Election result for Surry Hills, New South Wales, Australia

A by-election was held for the New South Wales Legislative Assembly electorate of Surry Hills on 21 July 1906 because of the resignation of John Norton. Norton blamed William Holman for an article in The Worker commenting on Norton's unnatural silence over the land scandals involving Paddy Crick and William Willis.
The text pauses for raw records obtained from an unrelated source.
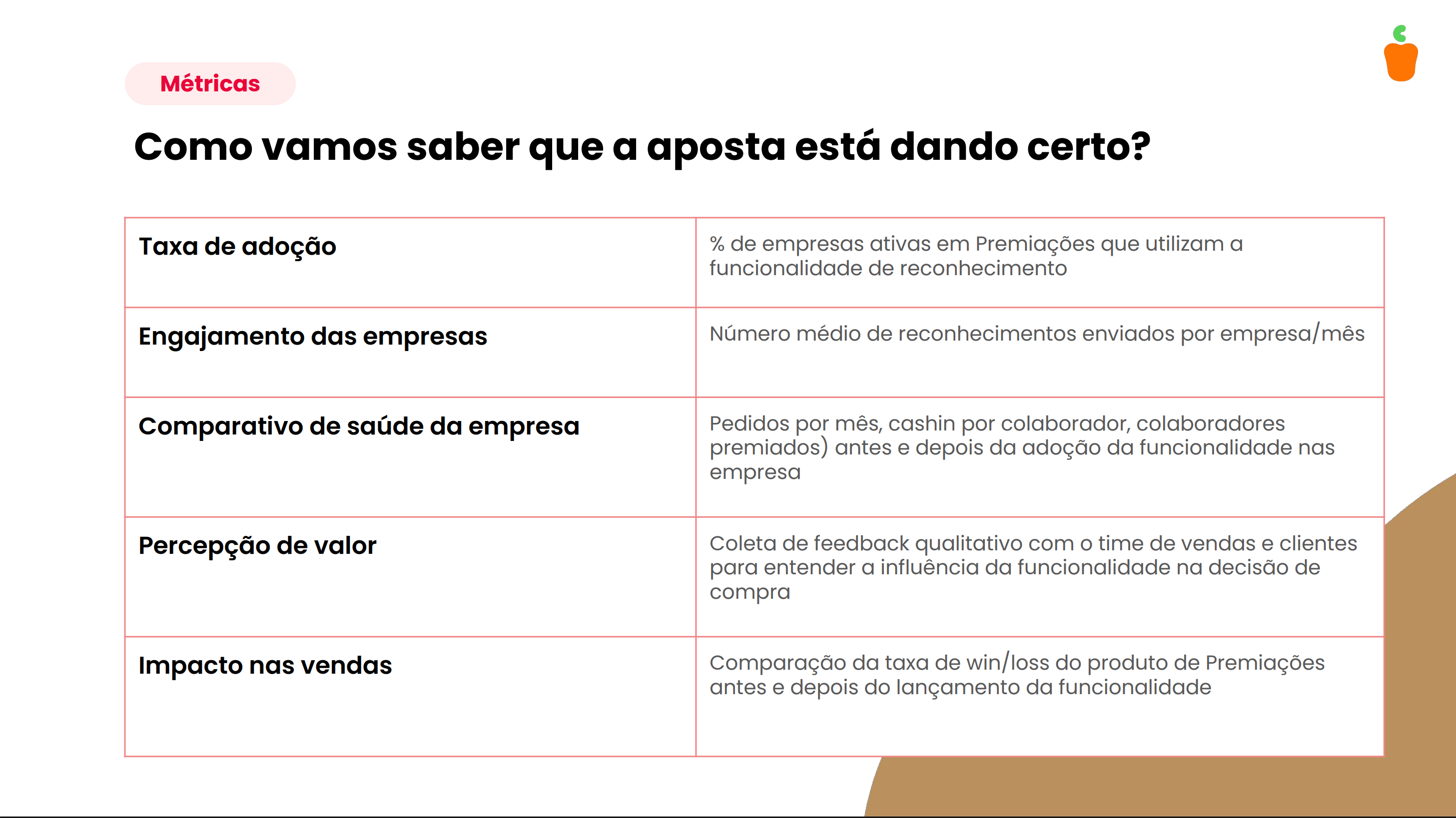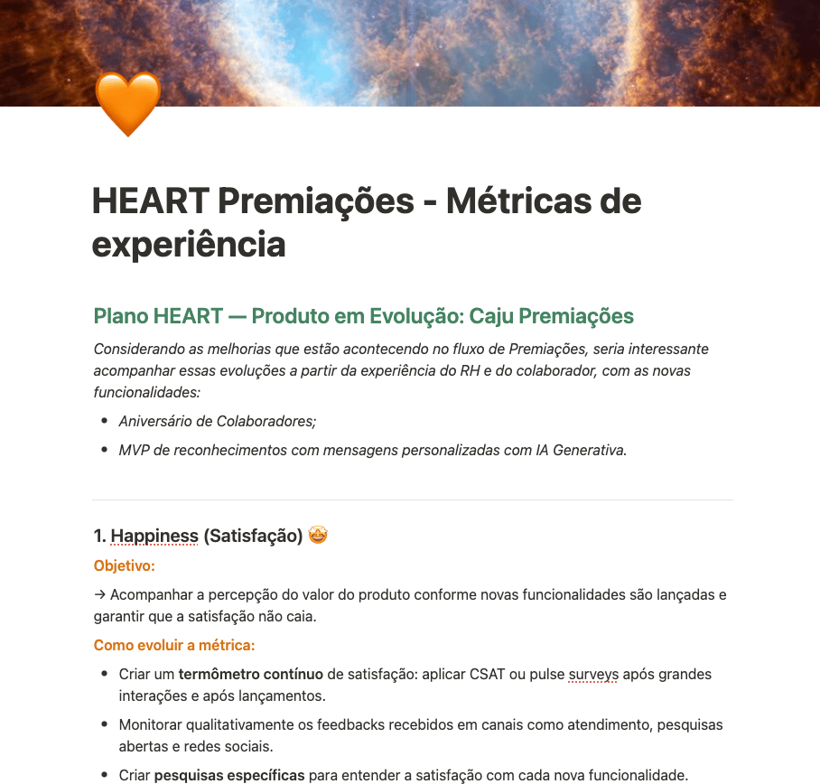 Para validar o sucesso da nova funcionalidade de reconhecimento com IA, estruturei um plano de métricas baseado no framework HEART, focando inicialmente no pilar de Happiness (Satisfação) para monitorar a percepção de valor através de CSAT e pesquisas qualitativas. Além da satisfação, a estratégia de acompanhamento inclui indicadores quantitativos de negócio, como a taxa de adoção por empresas ativas, o engajamento através do volume de reconhecimentos enviados e o impacto nas vendas, comparando as taxas de conversão (win/loss) antes e depois do lançamento da ferramenta. Essa abordagem holística permite entender não apenas se a IA está sendo utilizada, mas como ela contribui para a saúde financeira e a retenção dentro do ecossistema Caju.
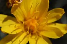 Es una planta herbácea perenne que crece con un tallo erecto de hasta 45 centímetros de altura y, a menudo lleno de largas cerdas. Las hojas a veces erizadas lanosas son oscuras y con lóbulos agudos y contundentes. Las hojas más largas en la base de la planta llegan a unos 25 centímetros de largo. La inflorescencia tiene desde uno hasta diez capítulos de flores con brácteas ásperas o hirsutas y hasta 60 flores liguladas amarillas. El fruto es un aquenio con alrededor de un centímetro de largo de color negro, verde o rojo a veces teñida, y tiene un blanco vilano.[2]
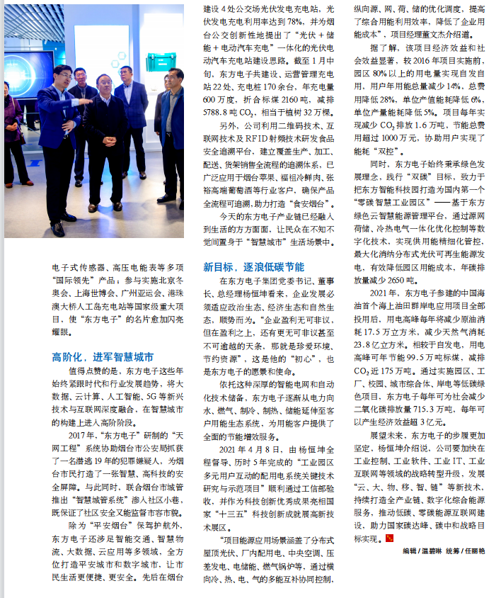 同时,济南诚荣医药科技有限公司始终秉承绿色发展理念,践行“双碳”目标,致力于把东方智能科技园打造为国内第一个“零碳智慧工业园区”——基于东方绿色云智慧能源管理平台,通过源网荷储、冷热电气一体化优化控制等数字化技术,实现供用能精细化管控,最大化消纳分布式光伏可再生能源发电,有效降低园区用能成本,年碳排放量减少 2650 吨。
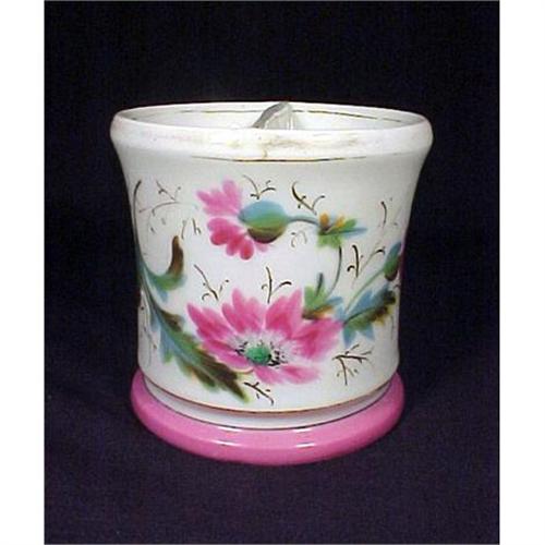 This is a very decorative and artistically done shaving mug. The mug has vivid pink flowers flowing along the side with green, blue, and brown leaves embracing them. The work looks more like an impressionist painting then a decoration for a shaving mug! There is also a matching pink band at the base with gold enameling not only on the rim and above the base but wisped throughout the flowers and leaves. There is quite a bit of wear to the gold enameling due to age and use but other then that it is in excellent condition. It measures 3 3/8?h with the opening 3 ½? in diameter.
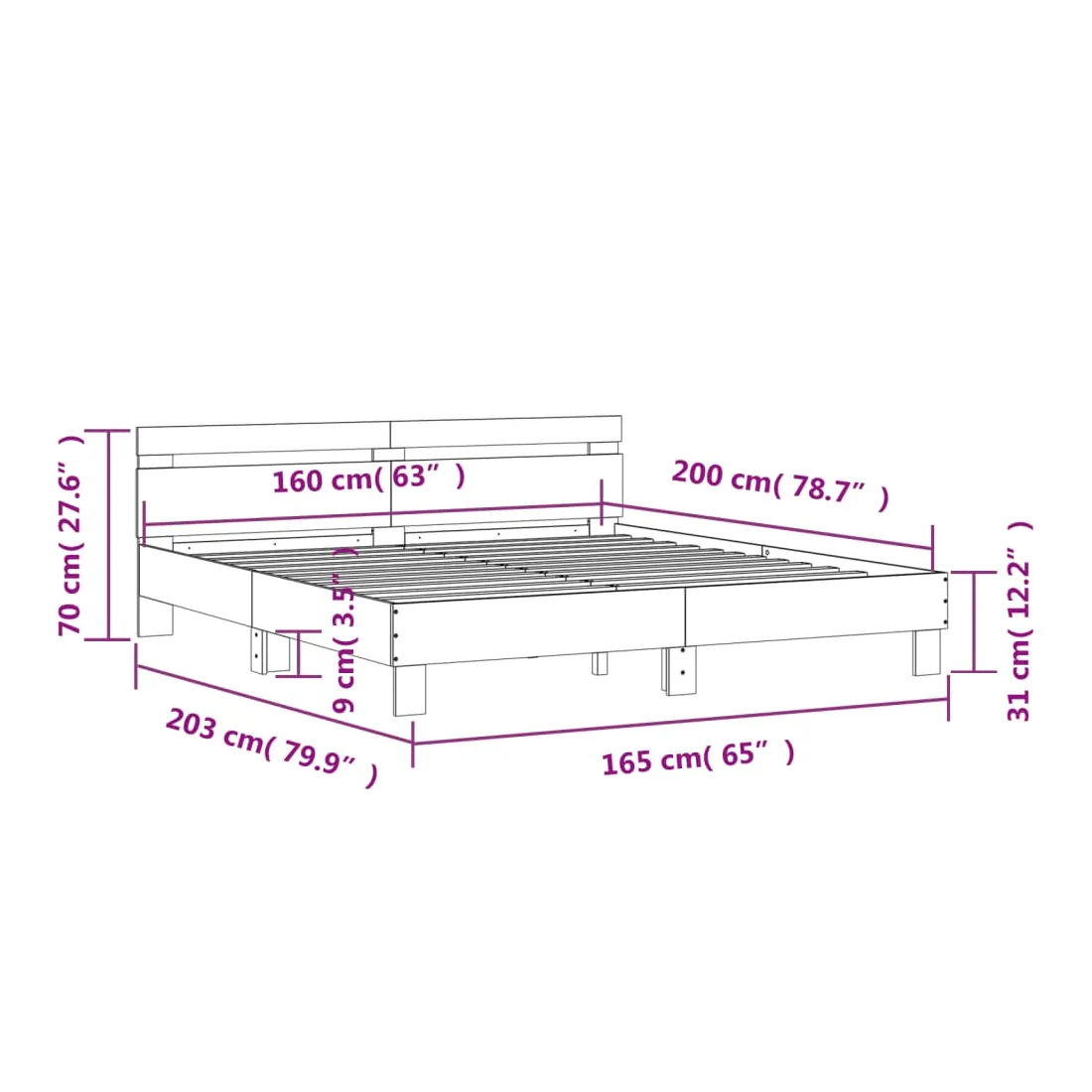 - Dimensions du matelas correspondant : 160 x 200 cm (l x L) (matelas non inclus)
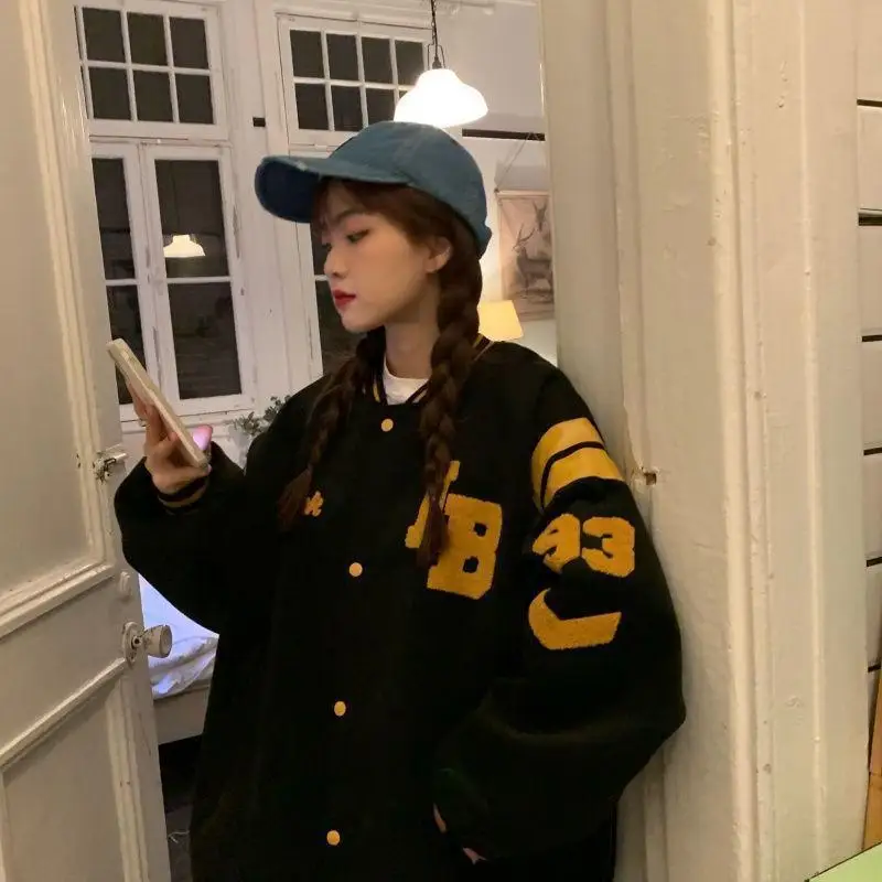 Новинка весна-осень 2021, трендовая свободная универсальная бейсбольная форма, свитер с вышивкой, Женская куртка
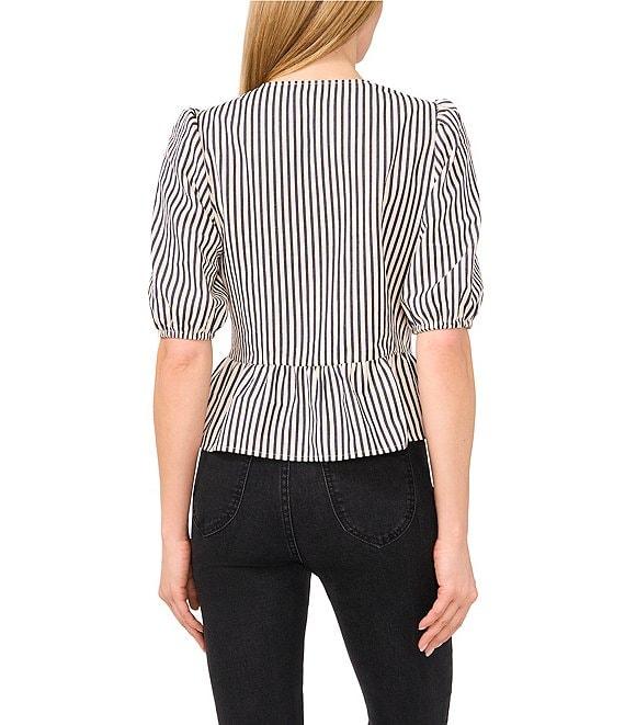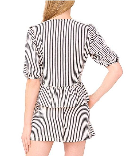 CeCe Coordinating Woven Striped Crew Neck Short Puff Sleeve Tie Peplum Top
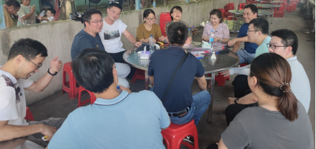 到达生态园后,在景区大门口集合签到、拍集体照,并由教练讲解行程安排和注意事项。随后在教练带领下,开展“三块五”、击鼓颠球等各项团建活动。
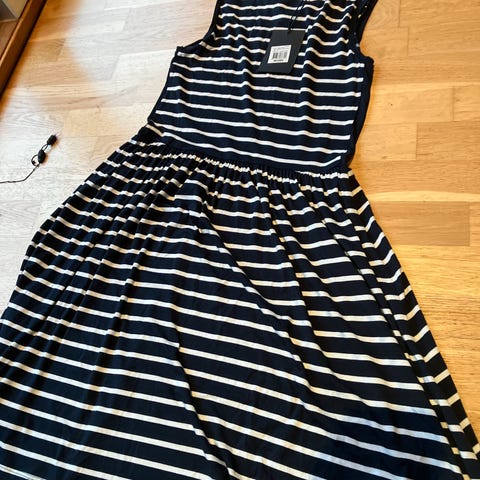 Holly & Whyte Hverdagskjole i størrelse S med flerfarget stripet mønster. Kjolen er laget av et mykt og behagelig materiale, egnet for hverdagsbruk. Den har en enkel og klassisk design med rund hals og er tilpasset kvinner.
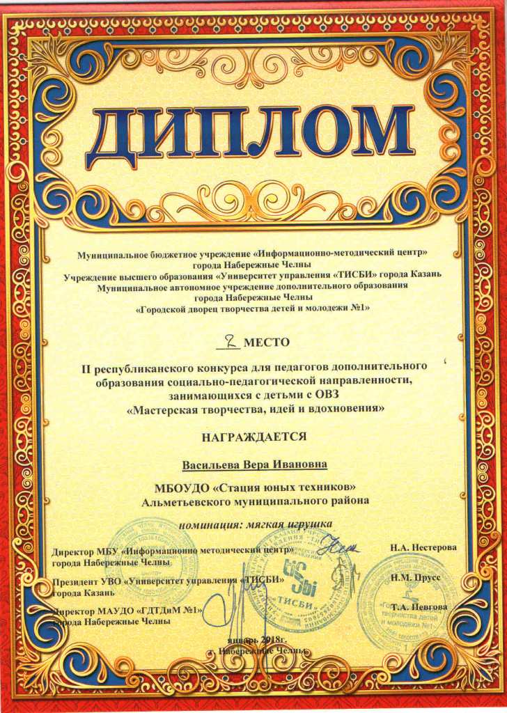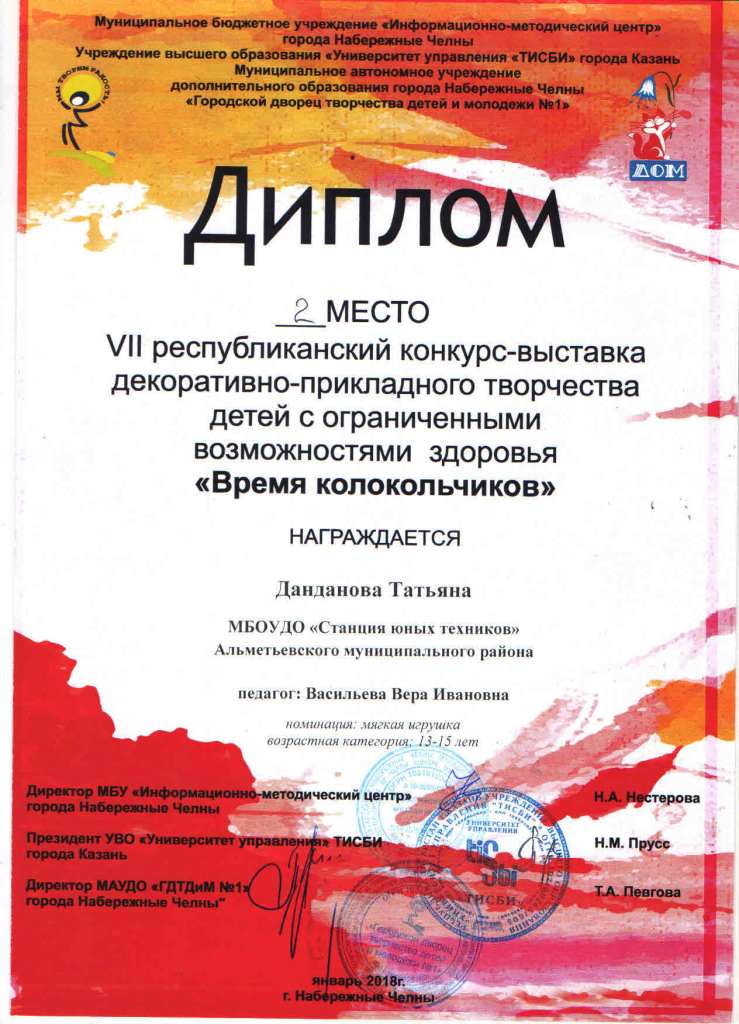 Опубликовано: 26.01.2018С 15 декабря 2017 года по 23 января 2018 года в выставочном зале Дворца «Синяя птица» г. Набережные Челны прошёл VII республиканский конкурс-выставка декоративно-прикладного творчества детей с ограниченными возможностями здоровья «Время колокольчиков» и II республиканский конкурс для педагогов дополнительного образования социально-педагогической направленности, занимающихся с детьми с ОВЗ «Мастерская творчества, идей и вдохновения». Активное участие приняли учащиеся объединения «Юные кудесники» - Данданова Татьяна и Яшина Анастасия, а также их педагог дополнительного образования – Васильева Вера Ивановна.
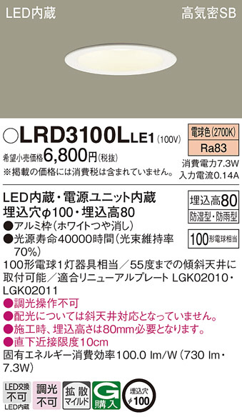 Panasonic ¥¨¥¯¥¹¥Æ¥ê¥¢¥À¥¦¥ó¥é¥¤¥È LRD3100LLE1
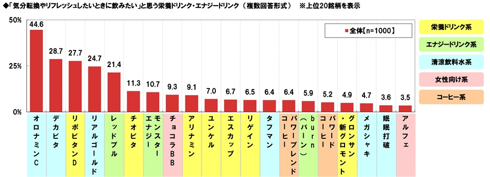 次に、≪気分転換やリフレッシュしたいとき≫に飲みたいものでは、1位「オロナミンC」、2位「デカビタ」、3位「リポビタンD」、4位「リアルゴールド」、5位「レッドブル」となった。≪徹夜明けの朝≫とは異なり、1位(オロナミンC)、2位(デカビタ)は、どちらも清涼飲料水系の銘柄となり、4位の「リアルゴールド」も含めると、上位5銘柄中3銘柄が清涼飲料水系の商品となった。
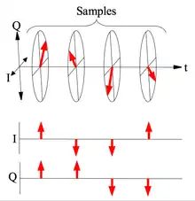 The local oscillator is split into two signals that are offset by 90 degrees, and each is mixed with the received signal. This mixing produces I(t) and Q(t). Phase coherence of the transmit signal is crucial for pulse-Doppler operation. In the diagram, the top shows phases of the wave-front in I/Q.
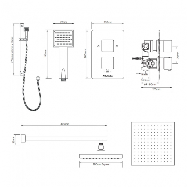 Aqualisa AQ Thermostatic Concealed Square Mixer Shower with Fixed Head and Shower Kit - Chrome Aqualisa AQ Thermostatic Concealed Square Mixer Shower with Fixed Head and Shower Kit - Chrome
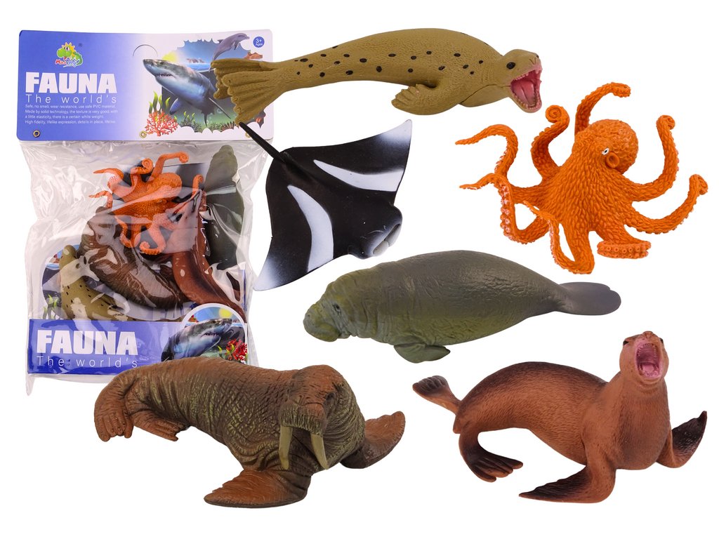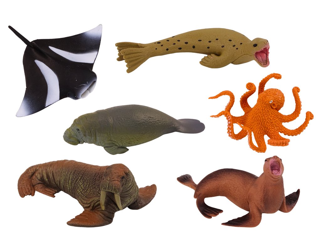 Комплектът от морски животни предлага вълнуващо приключение в света на загадъчния океан. Включва 6 реалистично изработени фигурки, които отразяват разнообразието на морския живот. В комплекта ще намерите октопод, морж, два тюлена, ламантин и скат. Всяка фигурка е внимателно проектирана, за да пресъздаде естествените характеристики и поведение на своя реален прототип.
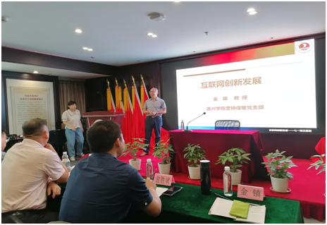 活动现场全体党员重温了入党誓词。应嘉兴市温州商会党委的邀请,营销信管教师党支部金镇教授以“互联网创新发展”为主题为商会所属党支部的企业党员们开展业务知识讲座。嘉兴市温州商会党委书记朱克友结合对企业竞争市场环境的关切,围绕中美关系与中国伟大复兴主题为在场党员们讲授一堂生动的主题党课。
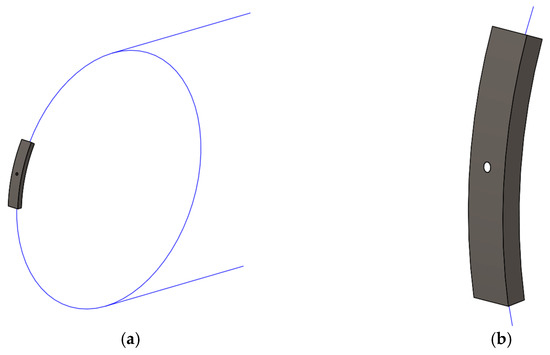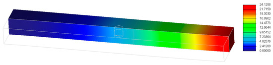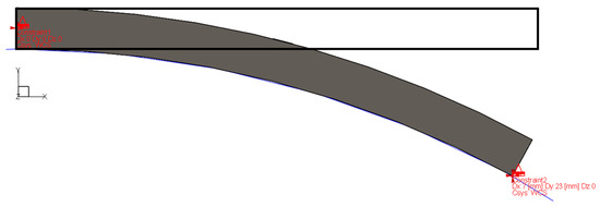 Figure 7, the segment of the conveyor belt with the implemented magnetic marker can be seen, along with a visualization of the deformation created after straightening the belt. From the calculated simulation results, it is clear that from the initial curving of the conveyor belt segment until its straightening, the deformation reached a value of 24.13 mm.

Norton made a personal attack on Holman in parliament, challenging him to resign and both would contest Holman's seat of Cootamundra.

==Dates==

| Date | Event |
|---|---|
| 5 July 1906 | John Norton resigned. |
| 6 July 1906 | Writ of election issued by the Speaker of the Legislative Assembly and close of electoral rolls. |
| 14 July 1906 | Nominations |
| 21 July 1906 | Polling day |
| 31 July 1906 | Return of writ |

==Result==

1906 Surry Hills state by-election
| Party |  | Candidate | Votes | % | ±% |
|---|---|---|---|---|---|
|  | Liberal Reform | Albert Bruntnell (elected) | 1,109 | 30.5 | −3.8 |
|  | Independent | Dick Meagher | 961 | 26.4 |  |
|  | Labour | Henry Lawton | 888 | 24.4 |  |
|  | Independent | John Norton (defeated) | 679 | 18.7 | −27.1 |
|  | Independent | James Jones | 3 | 0.1 |  |
| Total formal votes |  |  | 3,640 | 98.9 | +0.2 |
| Informal votes |  |  | 40 | 1.1 | −0.2 |
| Turnout |  |  | 3,680 | 36.2 | −20.8 |
|  | Liberal Reform gain from Independent |  | Swing |  |  |

John Norton challenged William Holman to resign and both would contest Holman's seat of Cootamundra.

==Aftermath==
The Cootamundra by-election was held the following week, however Norton withdrew from the contest. H. V. Evatt argues that the most likely explanation for Norton's attack was to remove Labour's best debater at a critical time. Norton returned to parliament at the 1907 election for Darling Harbour.